Storm: a fast transactional dataplane for remote data structures

  • Stanko Novakovic ,
  • Yizhou Shan ,
  • Aasheesh Kolli ,
  • Michael Cui ,
  • Yiying Zhang ,
  • Haggai Eran ,
  • Boris Pismenny ,
  • Liran Liss ,
  • Michael Wei ,
  • Dan Tsafrir ,
  • Marcos Aguilera

12th ACM International Systems and Storage Conference (SYSTOR) |

Organized by ACM, USENIX

RDMA technology enables a host to access the memory of a remote host without involving the remote CPU, improving the performance of distributed in-memory storage systems.

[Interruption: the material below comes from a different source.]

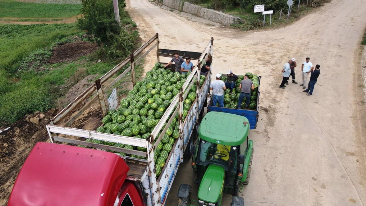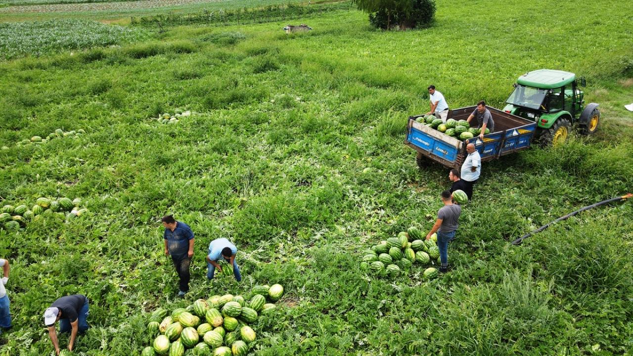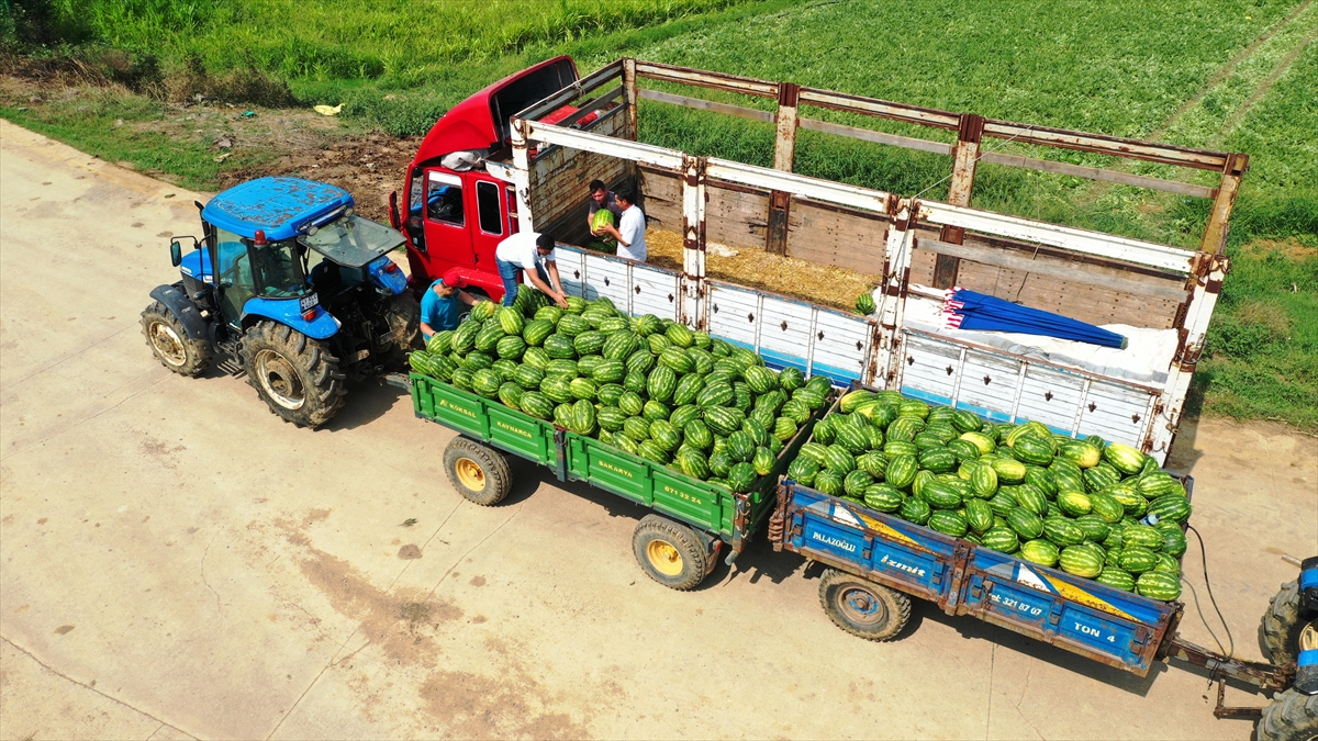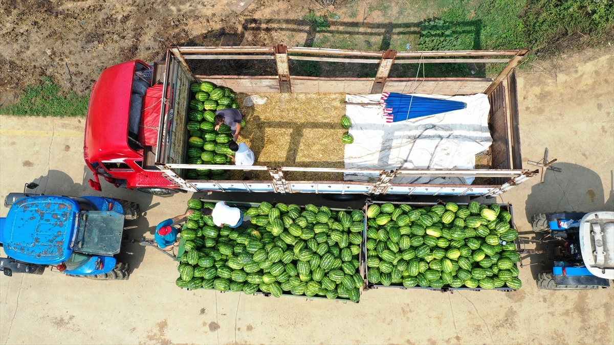Yeterli olgunluğa ulaşan karpuzlar, elle hasat edilerek satış noktalarına gönderiliyor.
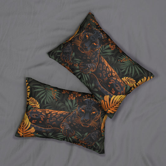 William Morris Inspired Floral Black Leopard Lumbar Pillow, INSERT INCLUDED | Cottage-core Home Decor, Decorative Pillow, Accent Cushion,

Previous studies argued that RDMA suffers from scalability issues, because the NIC’s limited resources are unable to simultaneously cache the state of all the concurrent network streams. These concerns led to various software-based proposals to reduce the size of this state by trading off performance.

We revisit these proposals and show that they no longer apply when using newer RDMA NICs in rack-scale environments. In particular, we find that one-sided remote memory primitives lead to better performance as compared to the previously proposed unreliable datagram and kernel-based stacks. Based on this observation, we design and implement Storm, a transactional dataplane utilizing one-sided read and write-based RPC primitives. We show that Storm outperforms eRPC, FaRM, and LITE by 3.3x, 3.6x, and 17.1x, respectively, on an InfiniBand cluster with Mellanox ConnectX-4 NICs.